Looks like a dragonfly... but has weird antennae I haven't seen before. 


Anybody familiar?


----------



## fallen513 (Jan 5, 2010)

I posted a thread on Troutnut.com, I'm sure they'll have it identified within 24 hours. 

I've always enjoyed photographing insects, so I jump at the opportunity to grab some shots of some cool ones.


----------



## peterson.478 (Mar 17, 2008)

Would say it is some sort of damselfly since the wings are up at rest, unlike a dragonfly where the wings would be down at rest. At any rate, whether it be a dragonfly or damselfly, let us know what you find out as they are sometimes quite difficult to identify. And great photo btw. MP


----------



## roliel (Apr 30, 2010)

Nice photo. I've admired your shots in other threads as well. What kind of camera are you using? Are you using a macro lens as well?


----------



## fallen513 (Jan 5, 2010)

Simple Rebel XT with 2.8/60mm macro
580 EXII flash, bounced...and a piece of paper.

When this guy was resting, his wings were down. I picked him by his wings for the photo shoot and they stayed up.  

He was released unharmed. Agitated, but unharmed.


----------



## fallen513 (Jan 5, 2010)

Welp, that didn't take long.
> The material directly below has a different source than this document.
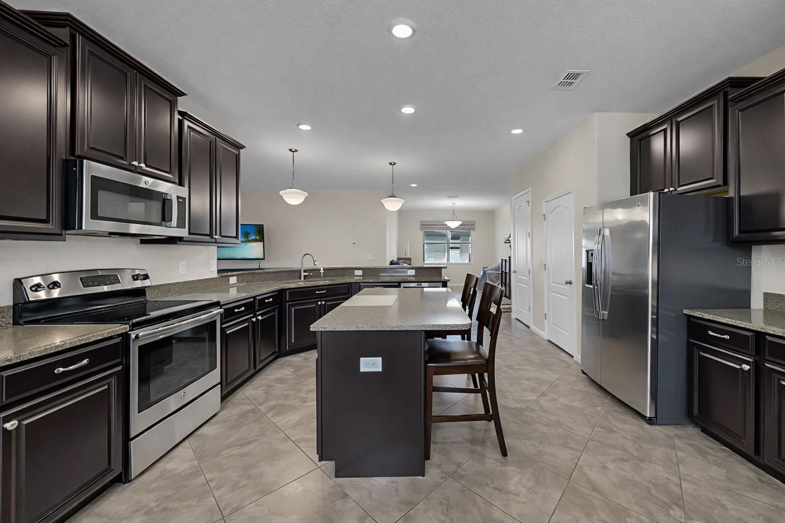 Situated on a beautifully manicured lot with a serene pond view, prepare to be impressed by this well loved and maintained 4 Bedroom/3 Bath/3 car garage home located in the Gated community of Spyglass at RiverBend. Upon arrival you will notice the upgraded landscaping with concrete borders, spacious yard, NEW ROOF (2025),and freshly painted exterior (2024). Once inside, the floorplan is open and inviting with lots of natural light throughout! The large eat-in kitchen is the perfect place to entertain with TONS of counterspace, beautiful Quartz counters, center island, breakfast bar, and 42” espresso cabinetry with pull-out shelving for added storage and organization. There is a separate formal dining area, and a well appointed Living room with views of the peaceful outdoors. The owner’s retreat is the perfect place to unwind, and includes a large walk in closet and en-suite bathroom complete with relaxing garden tub, amazing walk-in shower, and granite countertops with double sink vanity. The secondary bedrooms are spacious, and the guest bathrooms feature granite counters and great space. Bedroom 4 includes its own en-suite bathroom that is perfect for guests or multi-generational living. The covered and screened in patio includes a beautiful view of the pond and Large backyard. There is plenty of room to put your finishing touches and to create your own personal oasis! Located in a NON Flood Zone, Riverbend offers tons of amenities that include a Clubhouse, Fitness Center, New Resort Style Pool, Dog Park, Walking Trails and Community Events. Conveniently located close to major highways, shopping, and restaurants - and an easy drive to MacDill AFB and gorgeous gulf beaches! The BEST of Florida living!

Gonzo over @ TN answered me within short order.


Apparently, it is an _Ant Lion_.



> Fallen513,
> 
> It's an Antlion (Myrmeleontidae), possibly Myrmeleon.


----------



## fallen513 (Jan 5, 2010)

Some interesting info about the mighty Antlion..

http://waynesword.palomar.edu/pljuly97.htm


----------



## Buzzin (Jun 22, 2010)

lol your pics are better than the sites pictures!


----------



## Flyfish Dog (Nov 6, 2007)

Yea nice photo ops!


----------